Sunday, March 22, 2026

#732: Angel Heart

Angel Heart

Alan Parker
Initial release: March 6, 1987 (USA)

How far would you go for fame and fortune? Would you sell your soul? What if you changed your mind? How far would you go to get out? Alan Parker's Angel Heart is a horrifying twist on the old Faustian deal, a religious horror noir that cuts to the heart of questions of identity and the price of ambition.

It's just a few days into 1955 and Harry Angel is a detective living in Brooklyn. He is contacted by a lawyer representing a curious client, a man with the dime novel name of Louis Cyphre. (At this point, nearly forty years after the film's release, any horror buff who's even slightly savvy will have guessed the true identity of Cyphre, as if the perfect beard, the long fingernails, the pentagram ring, and the smoothly sinister countenance of Robert De Niro very much enjoying himself on set weren't dead giveaways already.) Cyphre hires Angel to track down Johnny Favorite, a one-time famous jazz musician who disappeared in Europe during a USO tour in World War II.

The job takes Harry from a mental institution upstate to New Orleans, a bleak, foggy city of jazz and voodoo, and some people aren't too happy with Harry being there. It doesn't help that everyone he talks to on the trail of Favorite sooner or later winds up dead, and the evidence is increasingly pointing to Harry. The closer he gets to the truth, the worse his nightmares get, the more gruesome the murders.
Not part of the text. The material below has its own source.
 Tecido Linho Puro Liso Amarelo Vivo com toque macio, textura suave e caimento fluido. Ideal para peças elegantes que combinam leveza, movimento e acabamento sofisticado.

Angel Heart is an almost-forgotten classic, a neo-noir dealing with the occult at a time when fantastic noir was an almost brand new genre, seeing a sudden heyday alongside cyberpunk noir (inspired by Blade Runner, of course) and more straightforward neo-noir in the mid to late 1980s. Tonally it's very similar to Jacob's Ladder, Adrian Lyne's 1990 cult psychological horror hit: there's a nightmarish feel to the film from start to finish, the hero moving from disturbing scene to disturbing scene rife with symbolism and unsettling imagery. The Harlem church where Harry first meets his client is a nexus of surreality, hosting an energetic service with a reverend who seems more cult leader than man of God; upstairs, a woman silently cleans blood from a room where a congregant committed suicide. Later, as the trail leads Harry to New Orleans, he is witness to a voodoo ritual, discovers a local mystic murdered with her heart cut out, and has increasingly violent, disturbing dreams.
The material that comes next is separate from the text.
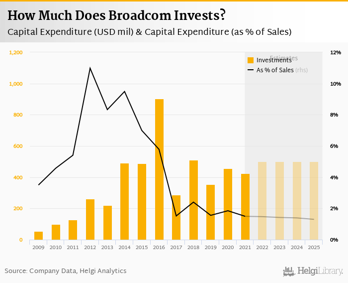 Broadcom invested a total of USD 426 mil in 2021, down 6.78% compared to the previous year. Historically, between 2009 - 2021, the company's investments stood at a high of USD 903 mil in 2016 and a low of USD 55.0 mil in 2009.

The film doubles as an interesting religious commentary; despite the wildness of the voodoo ritual, a character rather pointedly impresses on Harry that her fellow believers don't kill people, meanwhile the Christianity that Harry so steadfastly avoids is built on a kind of human sacrifice. God and the gods seemingly have no place in this film, only the Devil, slick and sardonic.

There aren't many films like Angel Heart. Released as it was in the late 1980s, it seemed almost deliberately crafted to rattle sensibilities. Lisa Bonet was seeking more dramatic roles after several years of playing Denise Huxtable, the most popular character on The Cosby Show, and the sex scene in which the 19-year-old Bonet plays 17-year-old Epiphany Proudfoot was cut to ribbons to satisfy MPAA rules and shocked Bonet's fellow cast and crew on the Cosby set. Nevertheless, like Jacob's Ladder, the film has proven influential, a kind of Chinatown-meets-The Devil's Advocate nightmare the DNA of which can be seen in the likes of the Gabriel Knight adventure game series and even Silent Hill. And maybe we can trace the overall idea back to the 1949 noir classic Alias Nick Beal, in which Satan in disguise tempts a high-powered district attorney into selling his soul.

I like Angel Heart. I've been a big fan of Jacob's Ladder for years, and Angel Heart is a great companion piece, similar in tone and mood and nightmarish, almost sacrilegious imagery, with Angel Heart making repeated use of symbolism of a sinister-looking antique elevator hinting at a descent into moral and spiritual ruin. New York and New Orleans seem like they're already on the shores of hell, a nightmare world of crumbling buildings, poverty, and bad weather. If you liked Jacob's Ladder — and if you're a Silent Hill fan I know damn well you've probably seen it already — you owe it to yourself to watch Angel Heart too.